Maybe I can still do something. Below is the concluding paragraph in the report I eventually submitted. It was never intended as criticism of specialists or neurologists or praise of GPs, and no one should read it as such. Anthony never blamed anyone, and who am I to point fingers on his behalf? Still, if it does help bring to mind the oft-quoted credo, "support always, relief often, cure sometimes", I am sure Anthony would be pleased.

 

The role of the doctor in the management of motor neuron disease is largely in providing emotional support. Perhaps that is why the management of this disease is lacking in Singapore and from reports in journals and textbooks, many parts of the world as well.

Without a local centralised support agency for patients with motor neuron disease, the burden lies on the neurologist or the primary care physician who made the referral to keep the patient and family in the know about community services available – medical social workers after all rely on referrals from hospital doctors. But perhaps more importantly, instead of "passing the buck", we should take a personal interest in the affairs of these patients.
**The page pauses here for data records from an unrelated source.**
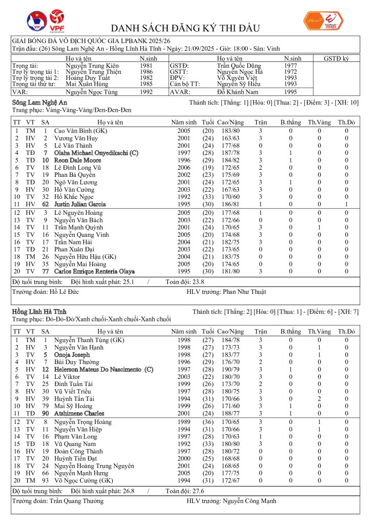 Danh sách đăng ký thi đấu CLB Sông Lam Nghệ An vs CLB Hồng Lĩnh Hà Tĩnh (vòng 4 VĐQG LPBank 2025/26)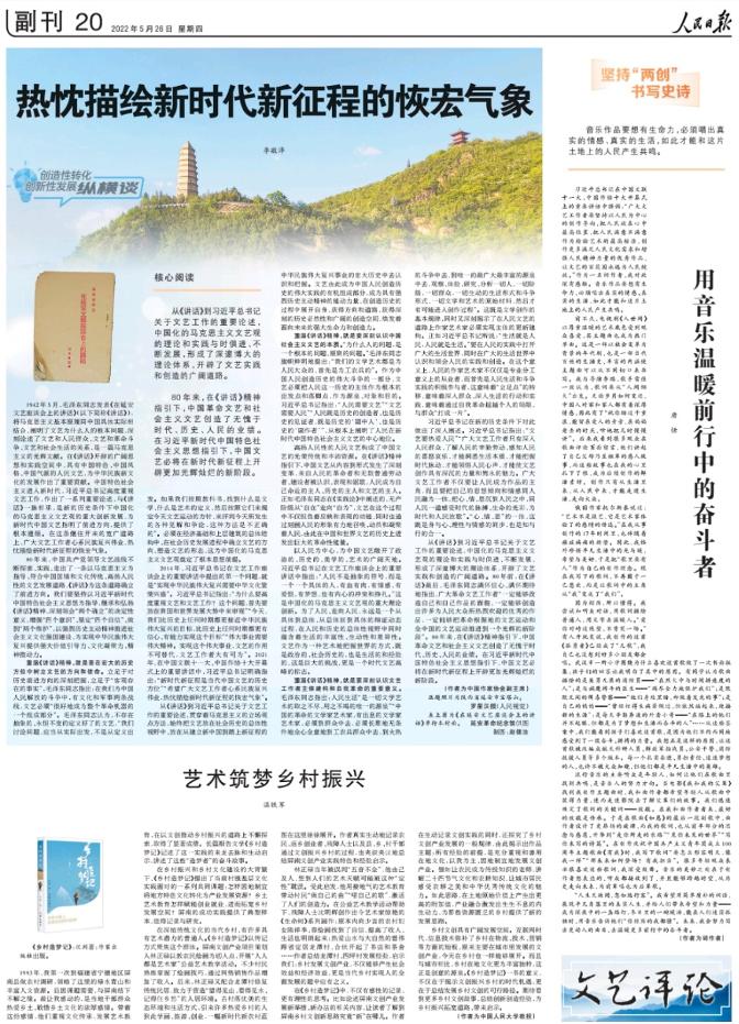 5月26日,一篇题为《用音乐温暖前行中的奋斗者》署名唐恬的文章,在《人民日报》副刊“坚持‘两创’书写史诗”专栏发表。
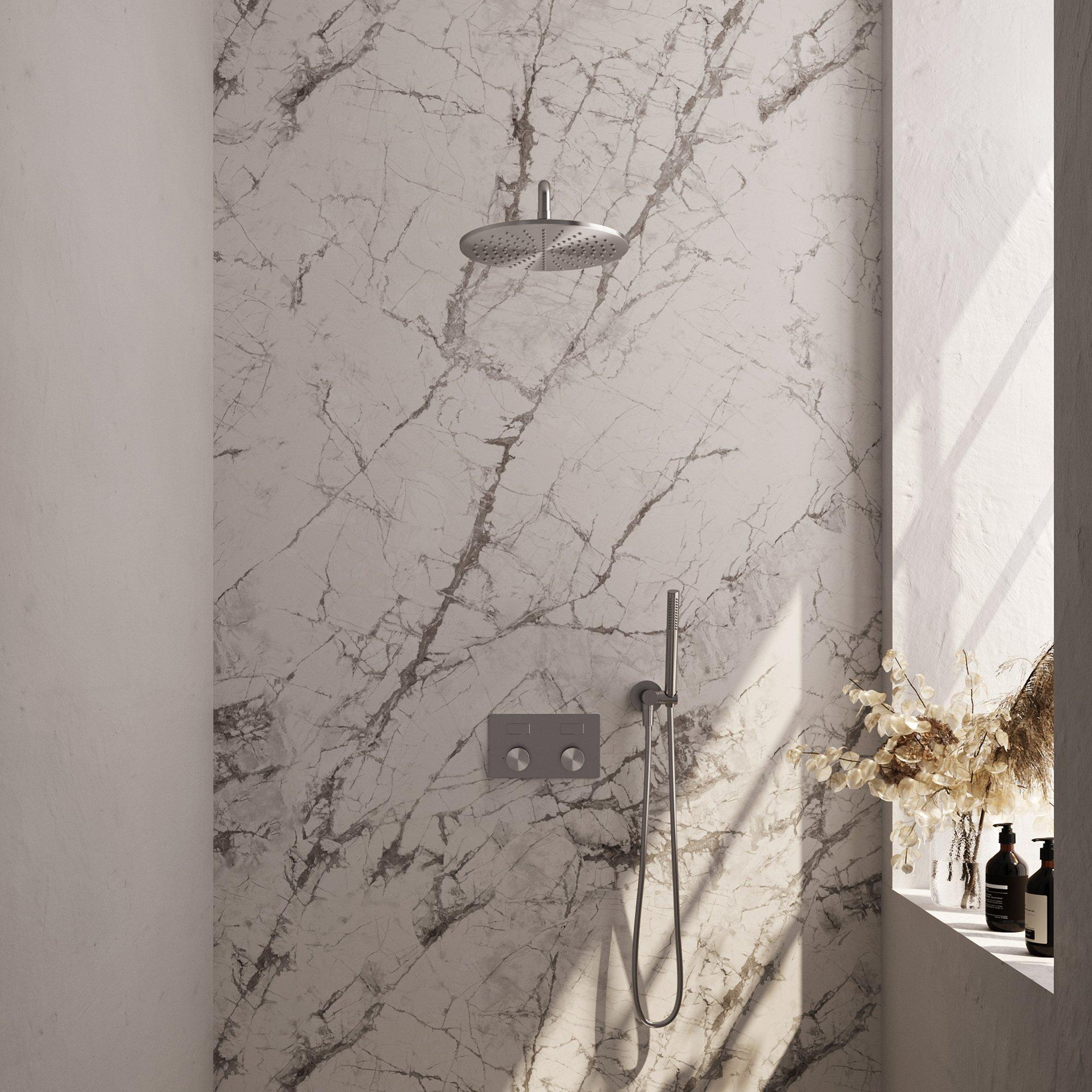 BRAUER Brushed Carving Douche de pluie thermostatique encastrée - boutons-poussoirs - SET 52 - pomme de douche 30cm - bras mural courbé - douchette à main barre - flexible de douche - coude mural - inox brossé PVD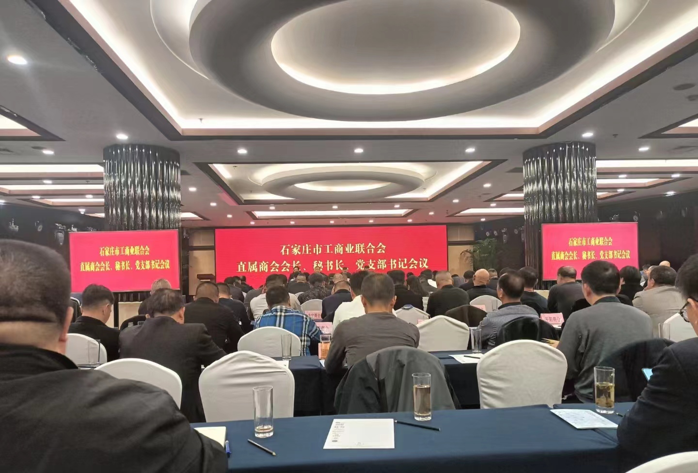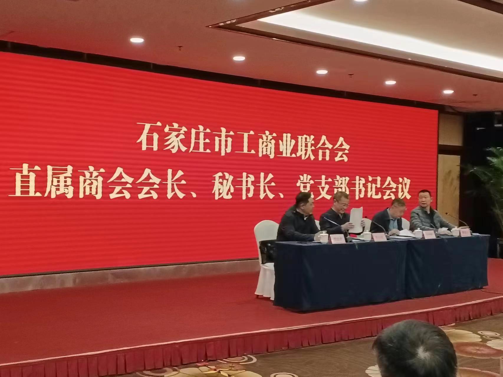 | 2024年3月22日下午,市工商联在云瑞国宾酒店组织召开”为强化商会正规化建设能力,加强直属商会党建工作水平”,直属商会会长、党支部书记、秘书长工作会议,总结去年工作,部署明年任务。首先,石家庄市工商联党组成员、副主席、三级调研员贾建勇同志讲评直属商会工作;第二项.石家庄市工商联党组副书记、常务副主席门立新同志宣读《关于认定2023年度全国“四好”商会的通报》、《关于命名河北省两新组织党建示范点的通知》、《关于命名石家庄市两新组织“A”级党组织的通知》;第三项.石家庄市委统战部副部长、市工商联党组书记李会强同志做进一步工作指示。最后观看《榜样第八季》。商会执行会长:廉宗田,支部书记:王国勇,秘书长:遆好恒,前往参加会议。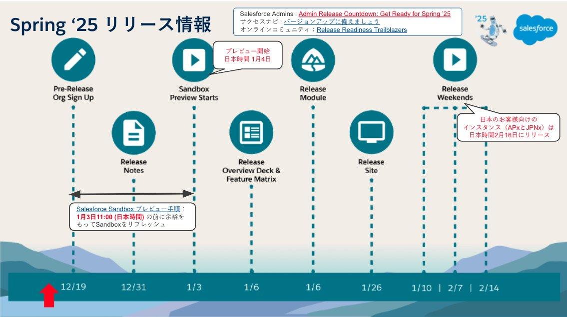 Spring’25 リリース関連スケジュールは以下の通りです。(いずれも日本時間)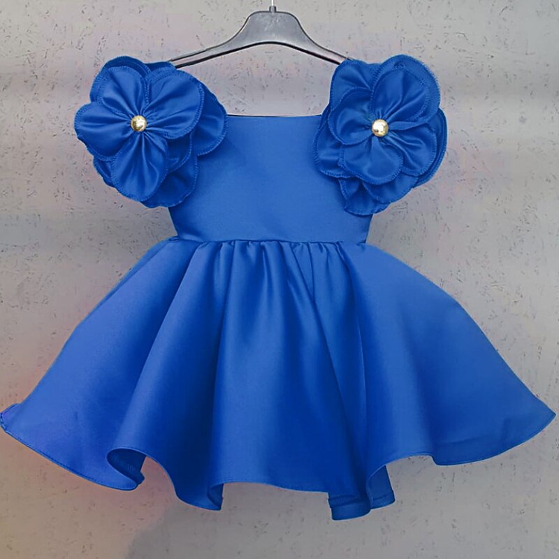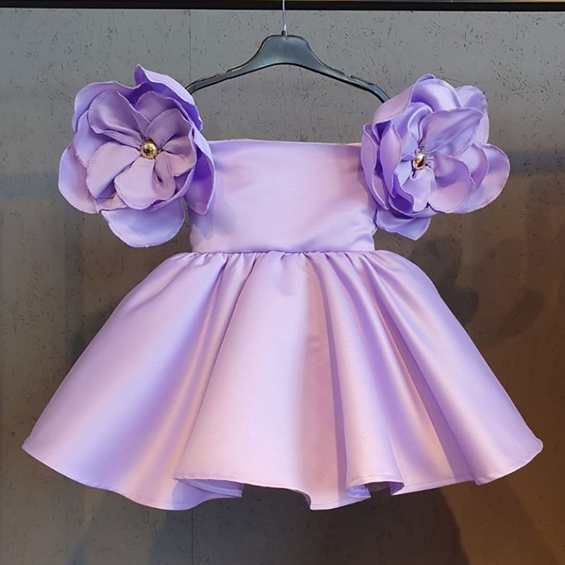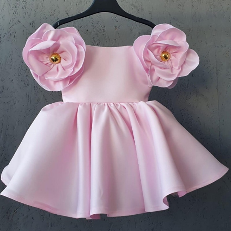 HOT ! Kids Girls' Dress Floral Solid Colored Short Sleeve Birthday Ruched Cute Princess Polyester Above Knee A Line Dress Summer Spring 2-6 Years White Yellow Pink
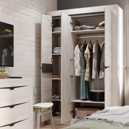 Трёхстворчатый распашной шкаф «Леонардо» с одной стороны имеет пять вместительных полок для белья, с другой стороны – удобную антресольную полку для хранения головных уборов, горизонтальную хромированную штангу для плечиков и нижнюю полку, в которой удобно хранить коробки с обувью. Особый шарм ему придаёт зеркало в полный рост, которое располагается на фасаде центральной створки.
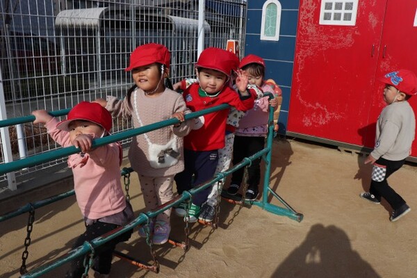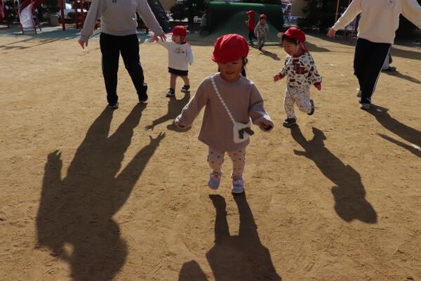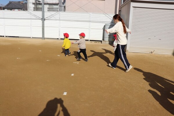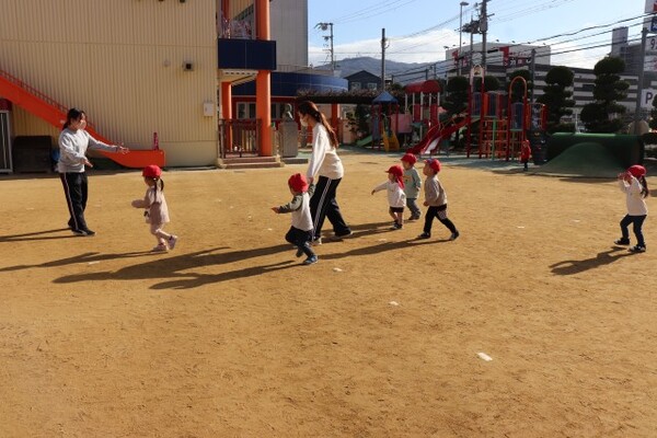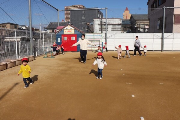 | 本園の1歳児さくら組の様子をお伝えさせていただきます。 発表会の練習が始まり、毎日頑張っている子どもたち。練習を頑張った後、園庭に出て大好きな戸外遊びをしました。担任と「まてまて〜!」と追いかけっこ!遊びを通して、走る力が少しずつ育っています。寒さに負けず、元気よく遊んでいる姿に担任も元気づけられます! |

An Englishmen, Roger Carus, wrote a first hand account of his experience with motor neuron disease. It was published in a 1980 edition of the British Medical Journal. He said "I have the highest respect for my consultant neurologist as a man who can label and diagnose neurological illnesses, but in the context of my illness, he is no more use to me than the milkman." Of his general practitioner he said, "To his external credit, my GP has never stopped coming to see me, no matter what the circumstances, even though he can do nothing constructive."

 

Not all doctors can be specialists, but we all certainly can continue seeing our patients even if we can do nothing "constructive" anymore.

So, Anthony my friend, its been some time since
you left. Still
Good night, sweet prince
And flights of angels sing thee to thy rest.